A massive mixed use project in Rotterdam by MVRDV, this newly-opened building wraps vertically around an open central space but also features one of the largest works of art in the Netherlands: an incredible digital display spanning over 100,000 square feet of the interior surface area.
The closed-but-open solution is a response to new Dutch legislation requiring produce markets to be enclosed, balanced with a desire to keep an open-air feeling to the space. The resulting design with its vibrantly-colored displays makes the place seem inviting from the outside, drawing people in to visit the nearly 100 shopping stalls within. The complex is expected to have over 5 million annual visitors.

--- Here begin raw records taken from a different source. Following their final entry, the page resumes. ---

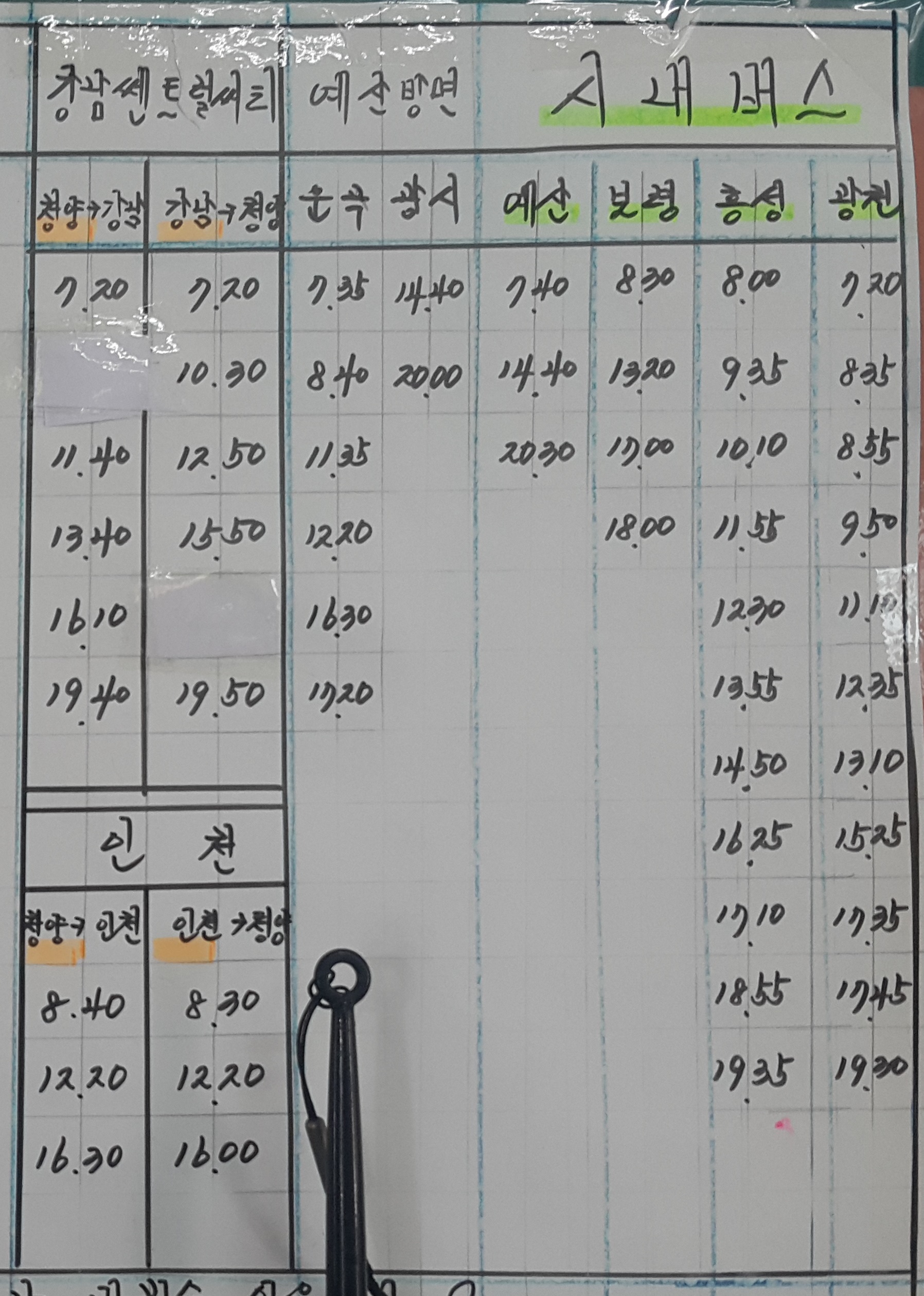청양 출발 강남센트럴씨티, 인천, 예산 방면.
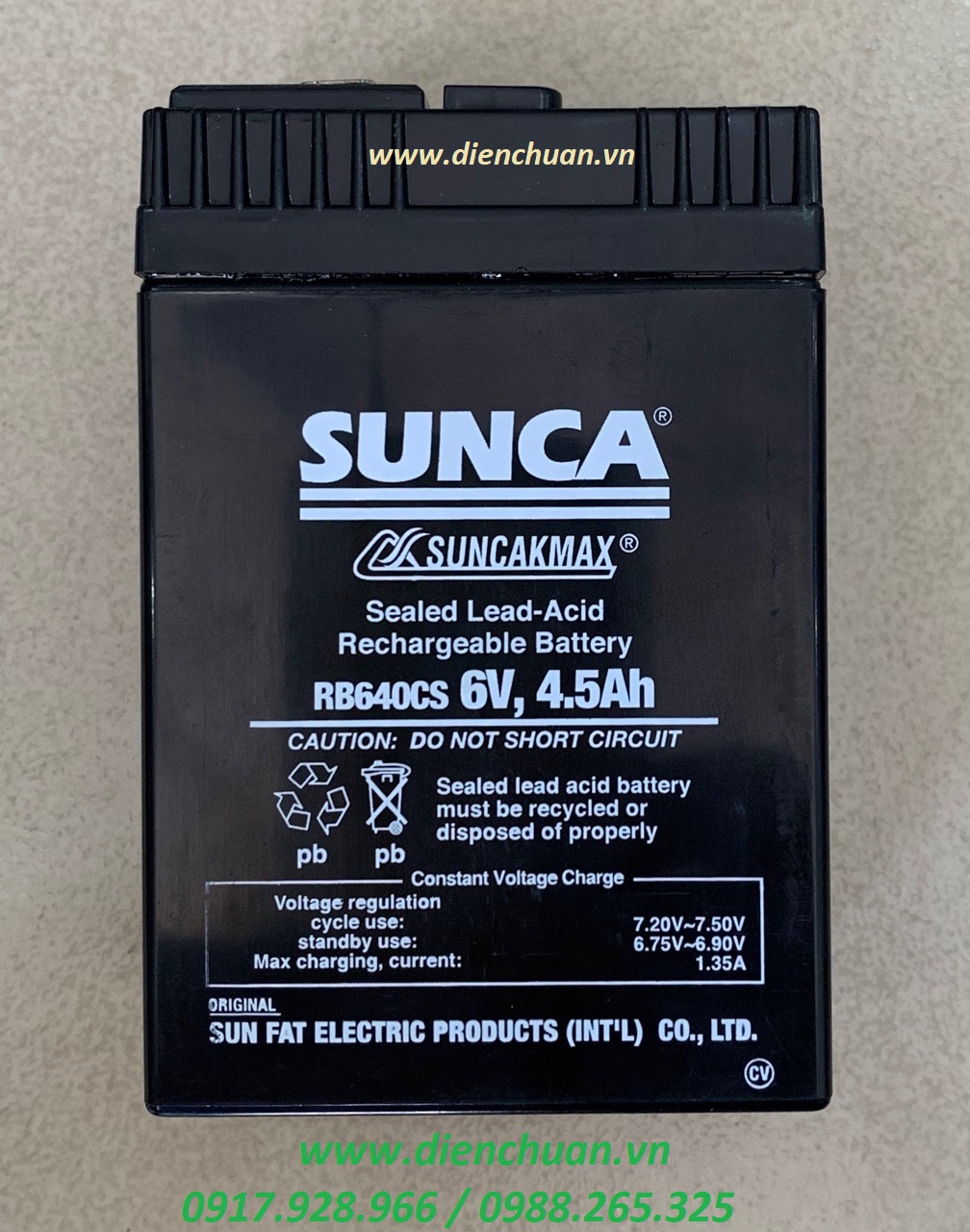 Công ty Cổ Phần Điện Chuẩn là đại lý phân phối ắc quy thương hiệu SUNCA chính hãng tại thị trường Việt Nam. Ắc quy Sunca 6V 4.5Ah ( RC645C/RB645C/RB640CS ) được công ty Điện Chuẩn bán tại các tỉnh: Hà Nội, Bắc Ninh, Vĩnh Phúc, Ninh Bình, Nam Định, Thái Bình, Hà Nam, Hải Phòng, Đà Nẵng, Thanh Hoá, Bình Dương, Đồng Nai, Thành phố Hồ Chí Minh và các tỉnh thành trong cả nước với giá thành phải chăng và chế độ bảo hành chu đáo nhất.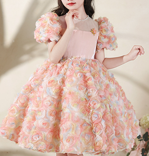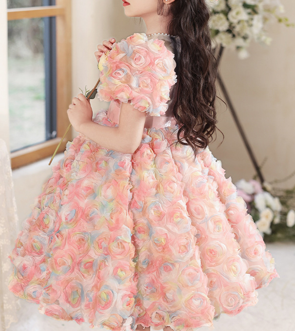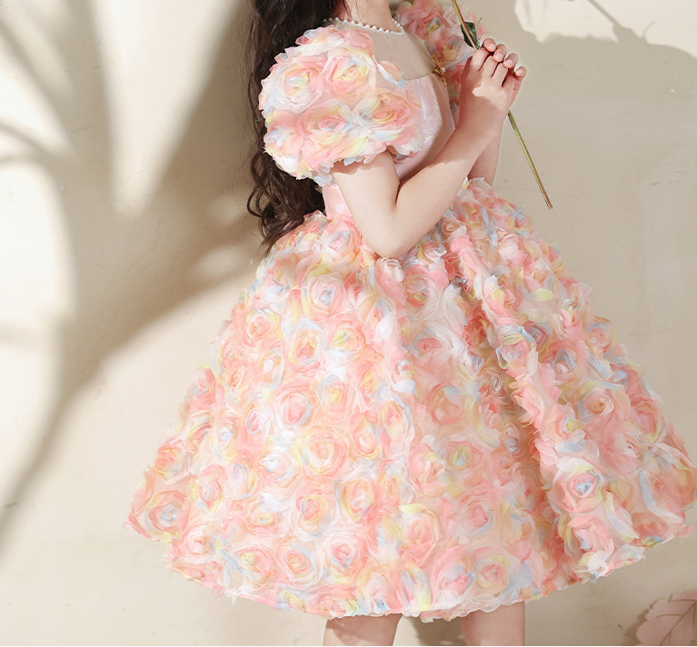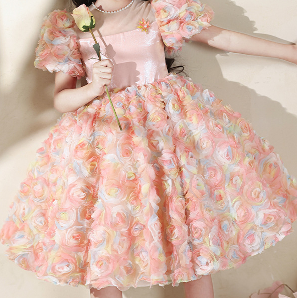 Featuring a stunning pink three-dimensional flower pattern, the dress is adorned with puffy sleeves that add a touch of whimsy to your look. The high waist design accentuates your figure while the short skirt length ensures you stay cool and stylish.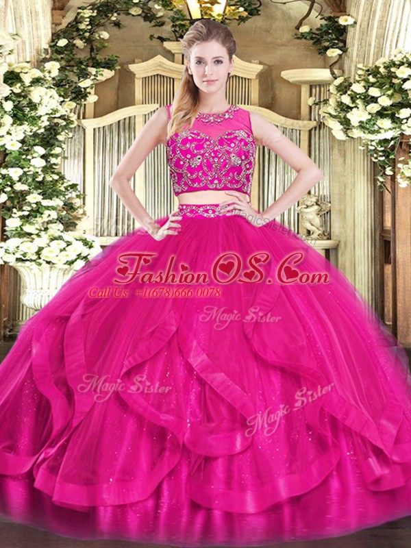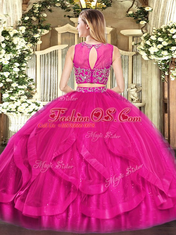 Extravagant Floor Length Hot Pink Sweet 16 Dress Tulle Sleeveless Beading and Ruffles
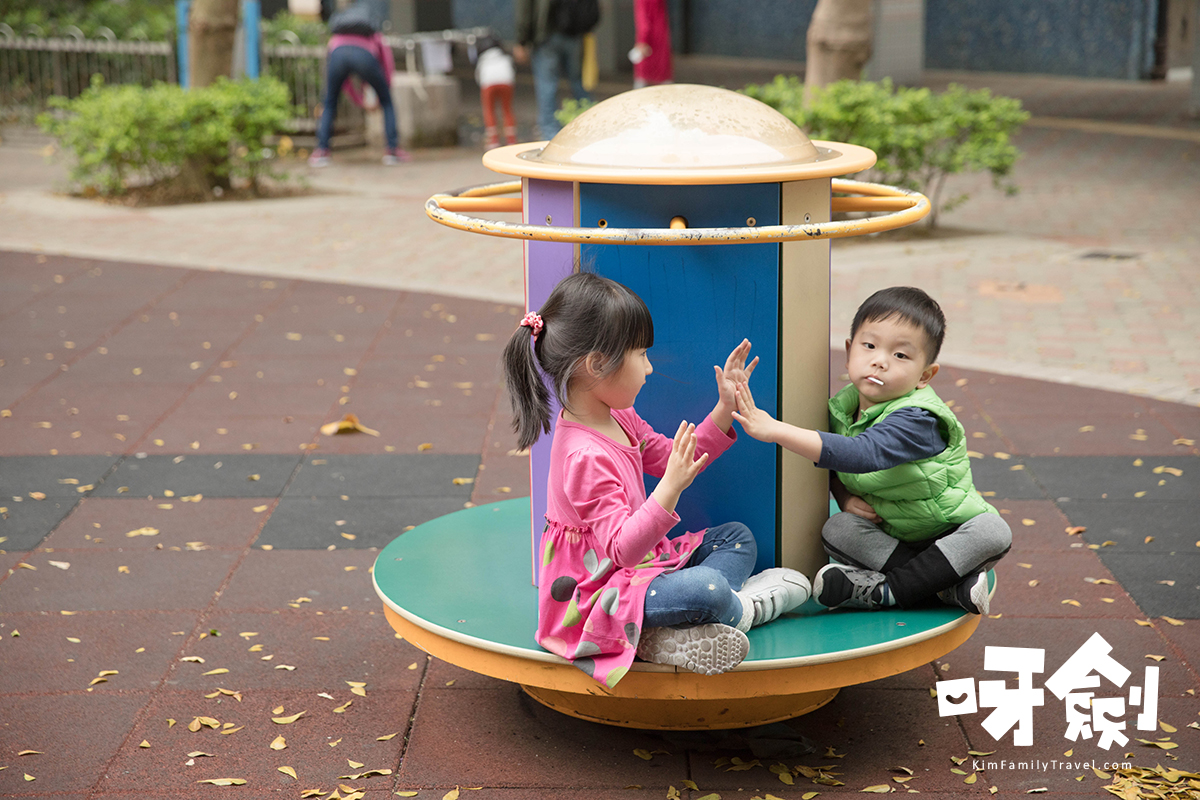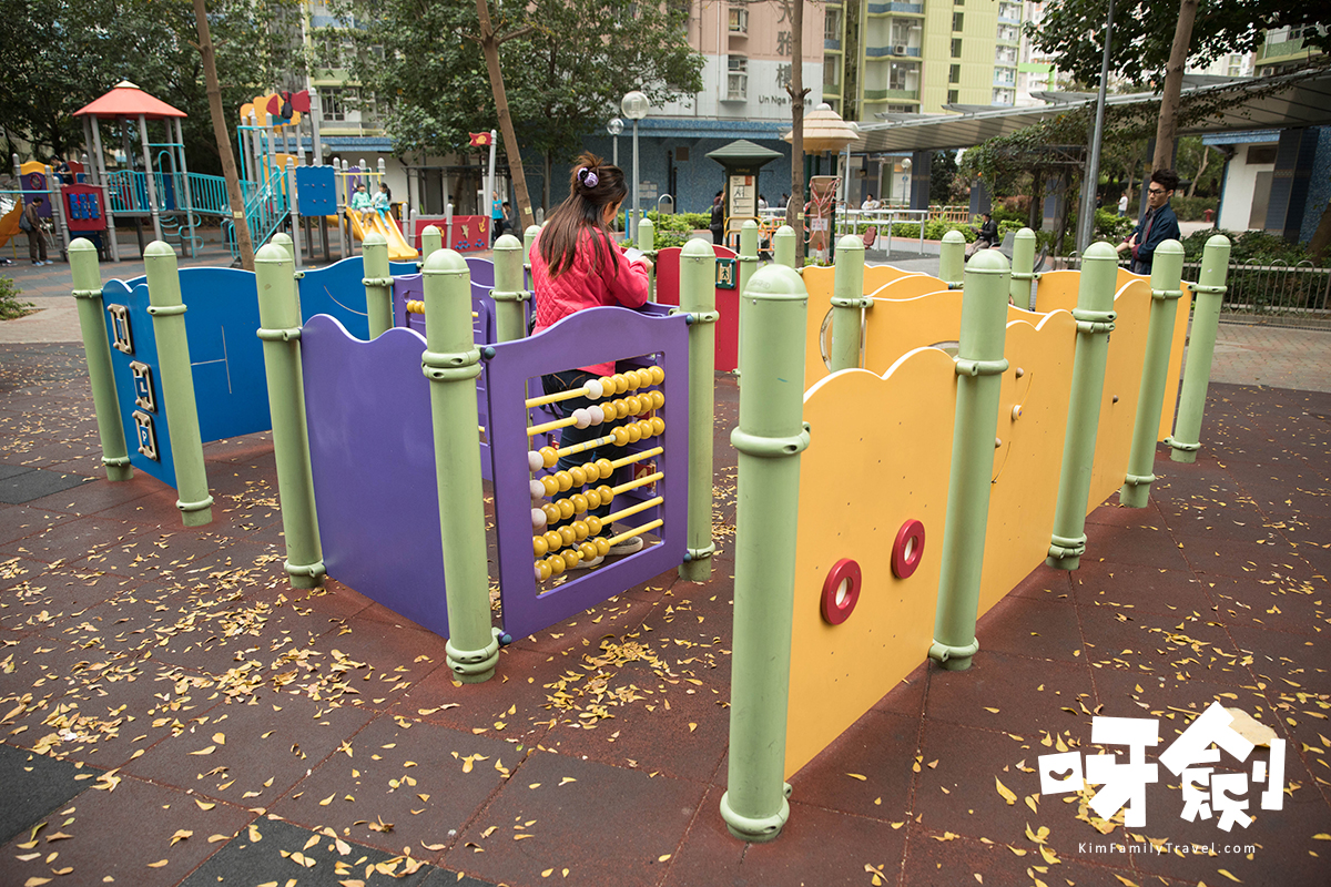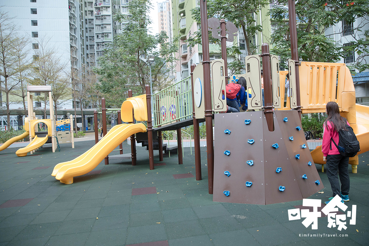 第一個主題遊樂場係以森林為題,設施上都特別多係攀爬式,好似爬山石及Monkey Bar等。整個設計都以啡及綠色為主,模擬樹木的特色!

Glazed on two sides with transparent glass, apartments wraps the others sides and top of the structure, giving over 200 residents views down into the market below as well as balconies toward the outside world on the exterior skin of the structure. The suspended glass panels are held in tension by thin wires, making the supports as invisible as possible while providing protection against strong winter winds.
From the firm’s press release: “The large mural which covers the vaulted interior, ‘Cornucopia’ by artists Arno Coenen and Iris Roskam has a total surface of 11.000 m² and shows oversized images of market produce which can be bought at the market, as well as flowers and insects referencing the work of Dutch still life masters from the 17th century. In order to achieve the required sharpness, the image was rendered by Pixar software. It was printed onto perforated aluminium panels, then attached to acoustic panels for noise control. The print resolution of the art work is comparable to a glossy magazine.”
More about the layout: “Markthal comprises 96 fresh food stalls and shop units, ranging from Rotterdam based businesses and market vendors to established local heroes. They will offer a diverse range of products: from fresh fish to game, from cappuccino to cheese, from Chinese to Dutch, from ice cream to local produce, from bargains to exclusive slow food. The ground and first floor accommodate 20 retail units, restaurants and cafés. All shops are food-related and include a crockery- and a wine shop. A supermarket is located on the 1st underground level allowing the shoppers to complete their shopping under one roof.”